Some research notes that data journalism production is time-consuming and costly (Gynnild, 2014), especially in the context of shrinking newsroom resources (Parasie, 2016). Consequently, data projects can often be shallow and rely heavily on official sources (Fink and Anderson, 2015; Knight, 2015; Parasie, 2015). Fink and Anderson (2015) detailed the ‘profound differences’ between data journalism practices at larger news outlets vs small and midsized outlets, which have less time, staff, status, and expertise, and fewer technological tools and legal resources (pp. 8–9).
Definitions and research questions
Precise definitions of ‘data journalism’ in the literature have been scarce. Scholars point to the term’s contested, diffuse nature (Fink and Anderson, 2015; Lewis and Westlund, 2014) and tend to identify multiple dimensions rather than a singular definition (boyd and Crawford, 2012; Lewis and Westlund, 2014). Concepts in Lewis and Westlund’s (2014) description of ‘big data’ are consistent with the sociology of quantification: ‘emerging ideas about, activities for, and norms connected with data sets, algorithms, computational methods, and related processes and perspectives tied to quantification as a key paradigm of information work’. We also connect visualization (graphic presentation) with the notion of public data, which require intelligible communication – a likely reason that graphic tabulation and statistics co-emerged, historically (Desrosieres, 1998; Starr, 1987). Ultimately, we define ‘data journalism’ narrowly, in terms of content rather than process: informational, graphical accounts of current public affairs for which data sets offering quantitative comparison are central to the information provided. 1
Concepts and findings from the sociology of quantification and data journalism literature suggest a number of research questions about the impact of quantification and commensuration on news content. The integration of data science and journalism indicates this impact may differ between non-legacy outlets outside the traditional journalism field and traditional legacy news outlets. Individuals at non-legacy outlets may be less socialized to, and less constrained by, traditional reporting practices and more open to experimentation with citizen-based data practices such as crowdsourcing. Organizational/professional policies, connections with officials, and in-person reporting are likely more prevalent in legacy outlets, and these may affect source types used, as well as the likelihood that data will be scrutinized. Because of changing dynamics due to the recent surge in enthusiasm over data journalism, we also examine change over time.

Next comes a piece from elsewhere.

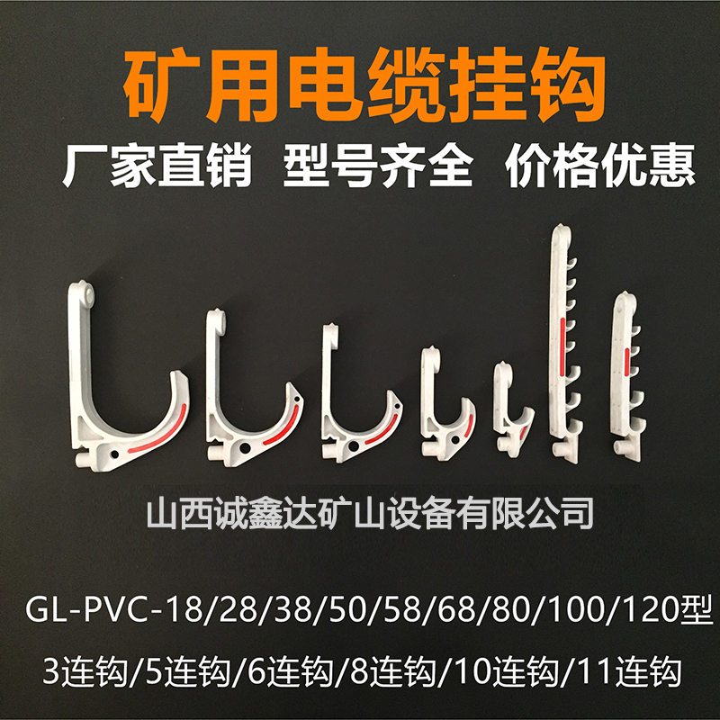 礦用電纜掛鉤主要包括:18型、28型、38型、50型、58型、68型、80型、100型、120型、3連鉤、5連鉤、6連鉤、8連鉤、10連鉤、11連鉤、管道掛鉤、水袋掛鉤、鋼絲扣、固定扣、GL-PVC18、GL-PVC28、GL-PVC38、GL-PVC50、GL-PVC58、GL-PVC68、GL-PVC80、GL-PVC100、GL-PVC120、18三連鉤、70三連鉤、五連鉤、小六連鉤、18六連鉤、八連鉤等;還可以根據(jù)客戶的需要進行定制,山西誠鑫達公司有煤安認證,質(zhì)量均符合國家標準。

According to sociology of quantification research, historically, significant resources have been required to collect, organize, and distribute large data sets, and institutions at the national and pan-national levels (e.g. UN agencies) are more likely to possess these resources than are institutions at the local level. By implication, increase in the use of data journalism may diminish attention to the local context. This suggests the following research questions:
What is the relative frequency of local, national, and pan-national sources for data in data journalism projects? How does this vary between legacy and non-legacy outlets? Across time?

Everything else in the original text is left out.